### [About this task]
Restate the full listing word for word and leave the pictures out.

### [Source material]
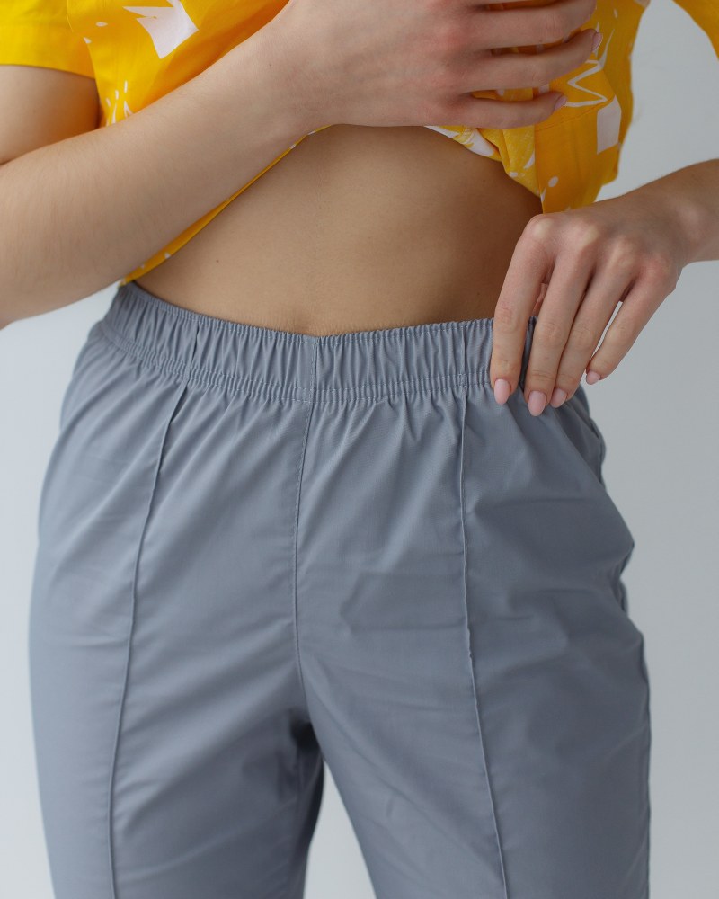Классический полуприталенный фасон, удобный V-вырез горловины и пояс медицинских штанов на эластичной резинке делают такую униформу оптимальной одеждой для длительных рабочих будней. Лицевая сторона рубашки дополнена кокеткой и вертикальными рельефами, на брюках есть декоративная строчка.
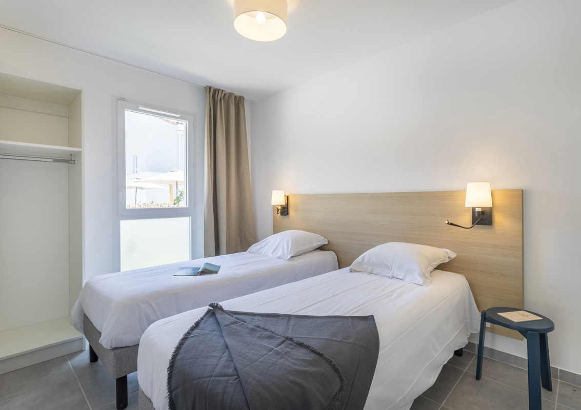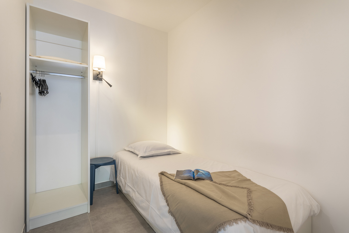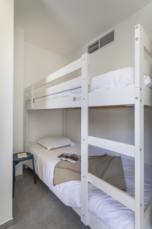 studio 4 - 25 m² - 1 kabina se 2 samostatnými lůžky (možno spojit), obývací pokoj s kuchyňským koutem a rozkládacím gaučem pro 2 osoby (možno i typ "šuplík"), sociální zařízení se sprchou, balkon či terasa
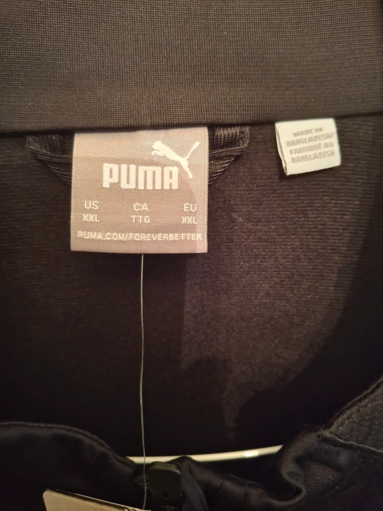 Selling a brand new with tags Puma jacket in size XXL. It's a sleek black color and features Puma's DRYCELL technology. The jacket is part of Puma's 'Forever Better' initiative and contains recycled material

### [Result of the task]
Классический полуприталенный фасон, удобный V-вырез горловины и пояс медицинских штанов на эластичной резинке делают такую униформу оптимальной одеждой для длительных рабочих будней. Лицевая сторона рубашки дополнена кокеткой и вертикальными рельефами, на брюках есть декоративная строчка.
 studio 4 - 25 m² - 1 kabina se 2 samostatnými lůžky (možno spojit), obývací pokoj s kuchyňským koutem a rozkládacím gaučem pro 2 osoby (možno i typ "šuplík"), sociální zařízení se sprchou, balkon či terasa
 Selling a brand new with tags Puma jacket in size XXL. It's a sleek black color and features Puma's DRYCELL technology. The jacket is part of Puma's 'Forever Better' initiative and contains recycled material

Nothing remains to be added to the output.